Like everyone else, Living Web Farms is adapting to the changing circumstances of the Covid-19 pandemic. Expanded farm operations and food donations are now top priority. We’ve started a new short-form, rough-edit video series for sharing immediately relevant information and a few weeks ago we offered our first of should be many free webcast workshops. During this workshop I reviewed a number of different low-tech point-of-use water treatment technologies and quickly introduced some exploratory work with production of activated carbon from our wood-waste sourced biochar. Today, for the blog, I’ll take a closer look at activated carbon and how it’s made and used around the world for removal of chemical contaminants from drinking water.
Household Water Treatment
In 2015 the World Health Organization estimated that 2.1 billion people do not have safe water at home and of those, 159 million still primarily drink water from untreated surface sources such as streams and lakes. Surface water is rarely fit to drink unless clarified and treated for the removal of biological and chemical contaminants.

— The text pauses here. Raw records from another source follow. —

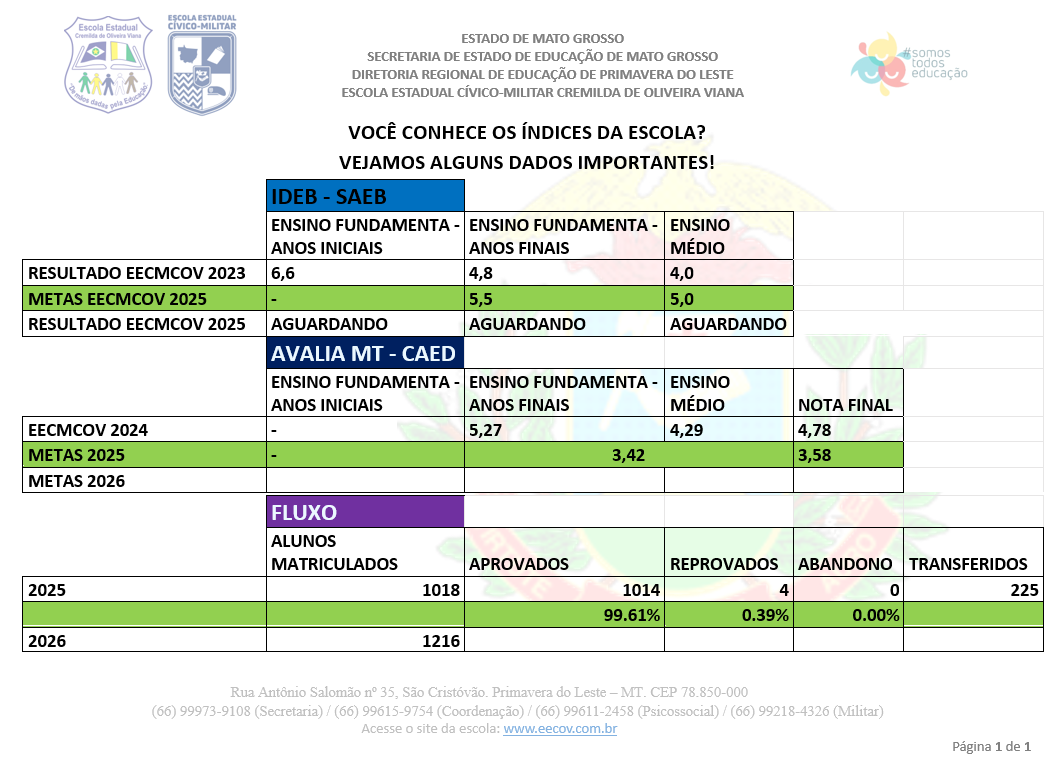 A gestão da EECMCOV informa a toda comunidade escolar os resultados das avaliações externas e fluxo escolar.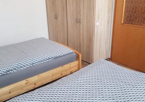Schlafzimmer mit 2 Einzelbetten, 2 Nachttische, 2 Kleiderschränke, Tisch, 2 Stühle,Deckenfluter.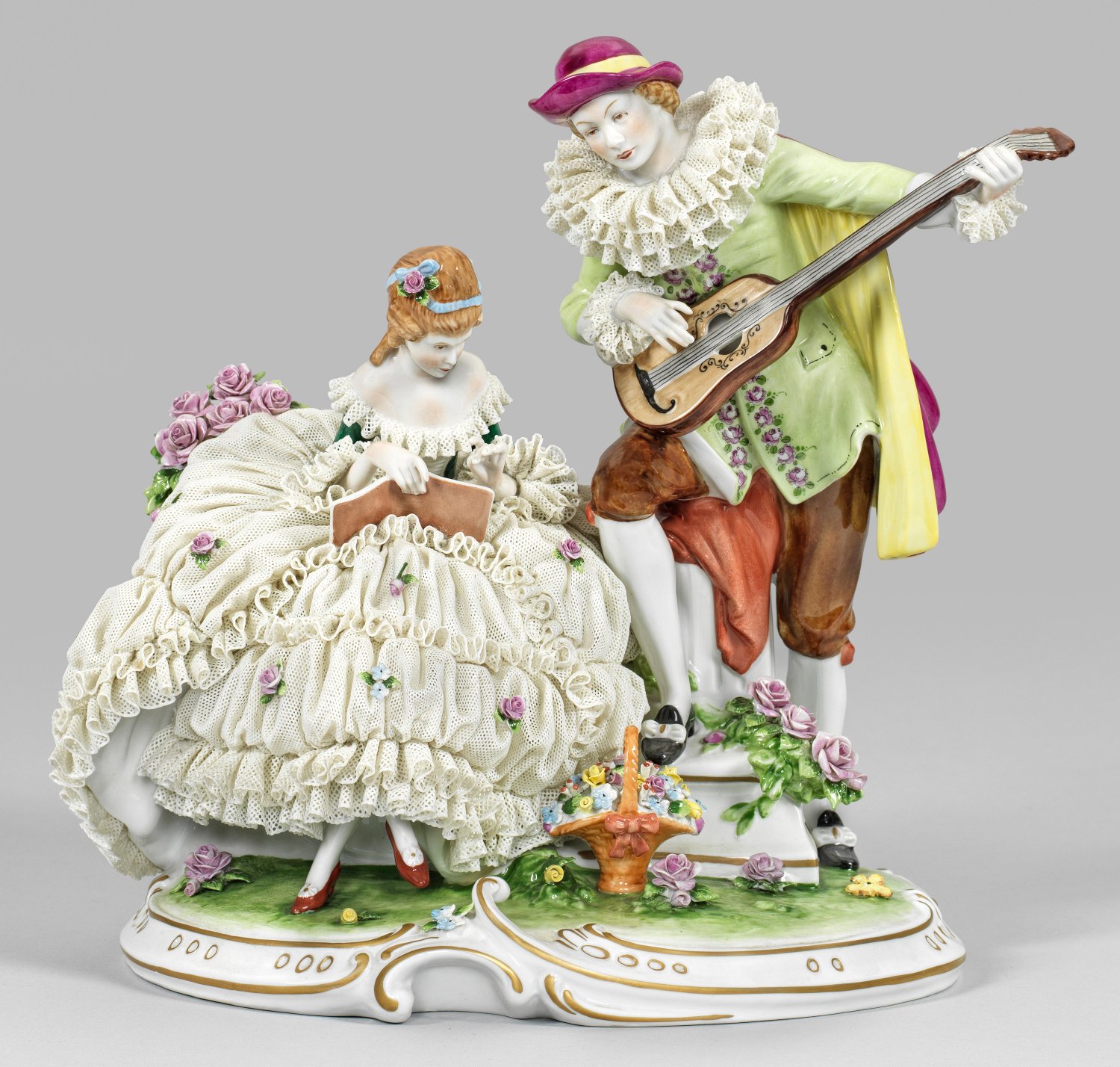 Geschweifter, goldkonturierter Ovalsockel. Sitzende, junge Frau und Harlekin mit Gitarre beim Musizieren. Umlaufend plastischer Blütendekor. Die Kleidung mit feinem Spitzenputz. Polychrome Malerei. Manufakturmarke. H. 30,5 cm.

Diarrheal diseases as a result from consuming microbiologically contaminated water are a severe and immediate human health concern. An often cited WHO publication estimates that 2.2 million people die every year from gastrointestinal infections. Tragically, young children are especially at risk of life threatening cases of diarrhea and further developmental issues related to malnutrition in non-lethal cases. The good news is these diseases are largely preventable – and much attention has been paid to providing appropriate microbiological water treatment technologies to those in developing countries, ranging from the no-tech SODIS method, to locally produced biosand and ceramic pot filters, and beyond to the more recently developed higher tech personal use Steripen UV device and Madidrop tablets. The downside is that, for the most part, these technologies do very little for treating water for chemical contamination.
Chemical contaminants may range from those that are naturally-occurring like arsenic, radon and fluoride, to lead in aging municipal water systems, or to the more complex and insidious herbicides, pharmaceuticals and industrial pollutants. Interestingly, arsenic can be mitigated with locally-made iron-modified biosand filters and fluoride can be removed by passing water through calcium-rich bone char – However, altogether broad chemical decontamination of point-of-use drinking water is typically done with one of two technologies: removal via reverse osmosis or adsorption with activated carbon.

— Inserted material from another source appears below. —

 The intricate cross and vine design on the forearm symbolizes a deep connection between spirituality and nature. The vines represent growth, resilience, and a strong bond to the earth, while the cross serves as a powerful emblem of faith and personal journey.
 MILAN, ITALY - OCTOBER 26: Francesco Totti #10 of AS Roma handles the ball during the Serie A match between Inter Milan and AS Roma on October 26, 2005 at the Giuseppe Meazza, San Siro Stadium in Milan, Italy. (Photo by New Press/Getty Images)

Biochar and Activated Carbon
If you’ve followed any of our work, then you’ll know we speak often about the physical properties of biochar. Well-made biochar is resistant to decay, has a well-developed pore structure, and a high internal surface area. These properties are what makes biochar work so well in building soil fertility – nutrients will ‘stick’ the internal walls of the charred material and diverse microbes can inhabit the open pore spaces. Well inoculated biochar in the soil helps maintain a thriving soil ecosystem in the midst of external pressures such as tillage, drought or excess fertilizing. In this way it can be even used as a vehicle for restoring fertility to damaged, lifeless soils.
One could think of biochar inoculation as essentially filtering a nutrient rich solution. For example: If fresh, raw biochar is added to a bucket of tea made from rich worm castings, the nutrients will be drawn in and adhere to the internal walls of the porous char. One could now think of the tea itself as partially filtered. Extrapolate from here and things get more interesting: biochar can be used in a cascading manner – for example, first as a filter adsorbing excess nutrients from the floor of the chicken coop, then to in the compost to maintain moisture stability and low bulk density, and lastly to its final destination in the soil. Biochar could be used to filter water contaminants too, although it should be mentioned: careful attention should be paid to what is being filtered and whether or not it is acceptable to accumulate and bury these contaminants.
Before moving on, lets review a few definitions:
- Biochar is essentially an agricultural or forest waste-based charcoal that is destined for the soil with the intention of building fertility. This is an important distinction when marketing the material, as biochar is usually processed at higher temperatures than regular charcoal, sieved, and sold in pre-inoculated compost blends.
- Charcoal that is intended for cooking might be processed at lower temperatures, leaving behind compounds that help it light easier and give its characteristic charcoal flavor.
- Filter charcoal should be processed at high temperatures, as to remove all possible pore clogging tars and maximize usable surface area. Typical filter charcoal is a select biomass that has undergone pyrolysis, but has not been Activated.
- Activated carbon is like filter charcoal, but further processed to increase internal surface area. Activating charcoal is distinctly different from Incoculating or Charging biochar.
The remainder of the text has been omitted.